Ireland is getting wetter. Rainfall has increased 6% over the last 30 years. Large swathes of coastal Ireland will be under water by 2030. And one of RTE’s flagship investigative television shows, chose to emphasise how awkward environmentalists are making it to save six homes. Politicians wrung their hands at the all-powerful environmental lobby preventing them from protecting their voters, I mean citizens. A junior minister couldn’t make sense of the idea of allowing rivers room. If one was to watch this programme in isolation one would have assumed that the climate crisis was an entirely inevitable phenomenon and all that we could do was protect what we have and ride out the disaster to come. 

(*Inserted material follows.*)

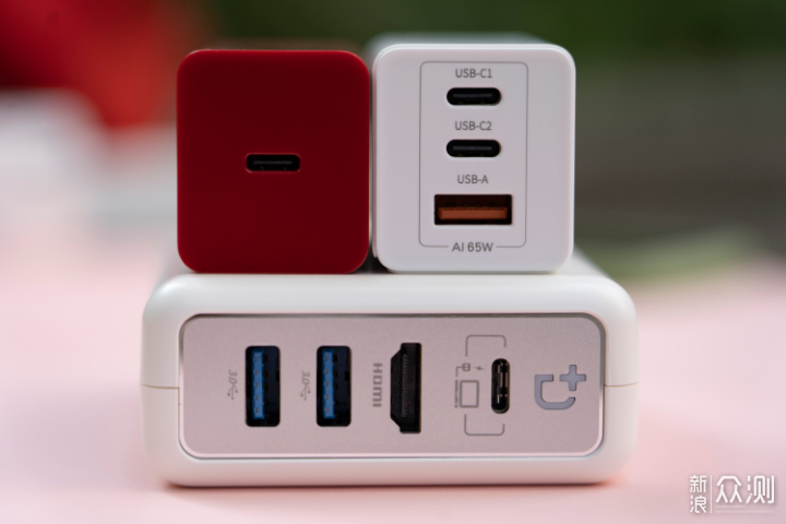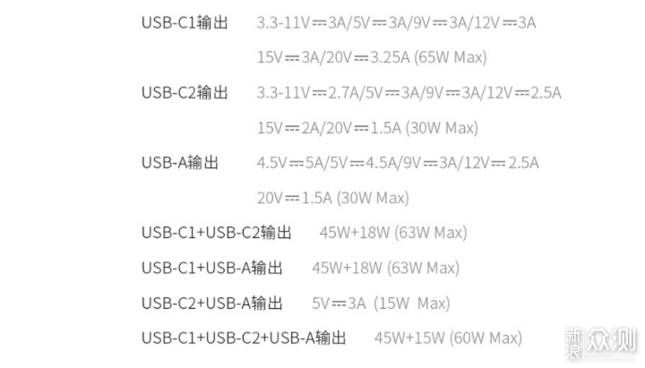 顶部C1最高65w用于给笔记本进行充电;中间C2最高30w用于给iPhone 11等充电(常规手机也可以可以的);底部USB-A最高30w用于常规USB设备充电; 备注:多接口共同组合使用充电效率会有所降低(目前的多口设备都如此) 更多组合效率如下图: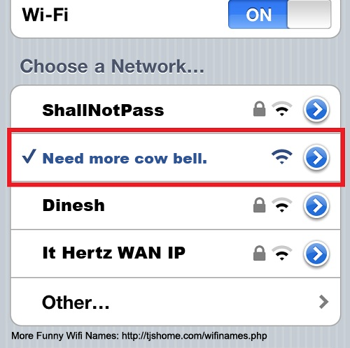 Funny WiFi Name #6988 [Need more cow bell. ]

That is why I struggle with hope. The climate crisis is killing people. But out foreign. It is creating climate crisis refugees here, yet we refuse to recognise them as such. Tackling the crisis is portrayed as mere enthusiasm from outsiders. We wish to do the things that caused the beckoning disaster to protect us from that disaster. It is as inexplicable to me as a government minister with responsibility for flood protection not understanding the basics of river management. As inexplicable as blaming the mismanagement of a tragedy on busybodies rather than those charged with managing that wholly predictable tragedy.

A billion euro is touted as an impressive amount of money. It is a pittance when set against the great inundation that will sweep over every Irish city in mere years. No longer can we speak of decades to prepare. All that time to prepare was spent in denial, in obfuscation, deceit, and the winning of votes.

I’m from Lixnaw. An average-sized village in Kerry. In size and population, it dwarfs the community around Lake Funshinagh. In my lifetime it will disappear under water. Any attempt to save my community would be folly. It is already too late for that. Only two things matter now; limiting the rise in global temperatures to a worst-case scenario of 2 degrees Celsius and throwing our resources at the largest of our population centres. 

I do not expect either expediency to be achieved or even thoroughly attempted. I have no expectation of politicians in Kerry, or even Ireland, making and imposing the fundamental changes in our ways of life that are required. The sacrifices to be made, the pain asked for and endured. I have no hope of us staving off or even meeting with clear eyes the disaster to come. I predict with great confidence that the next election will be fought in Kerry on two issues. The first will be resisting the recently signed Climate Action Bill. The second will be for the development of a liquified natural gas facility in the north of the county. Not surprisingly, to be built in an area that can also expect to be under water in my lifetime.          

But come the next election I will knock on doors for our Green Party candidates. They will have no prospect of winning, but I will dedicate all the time I can to their campaign. And I will do so with enthusiasm. But there will be no hope.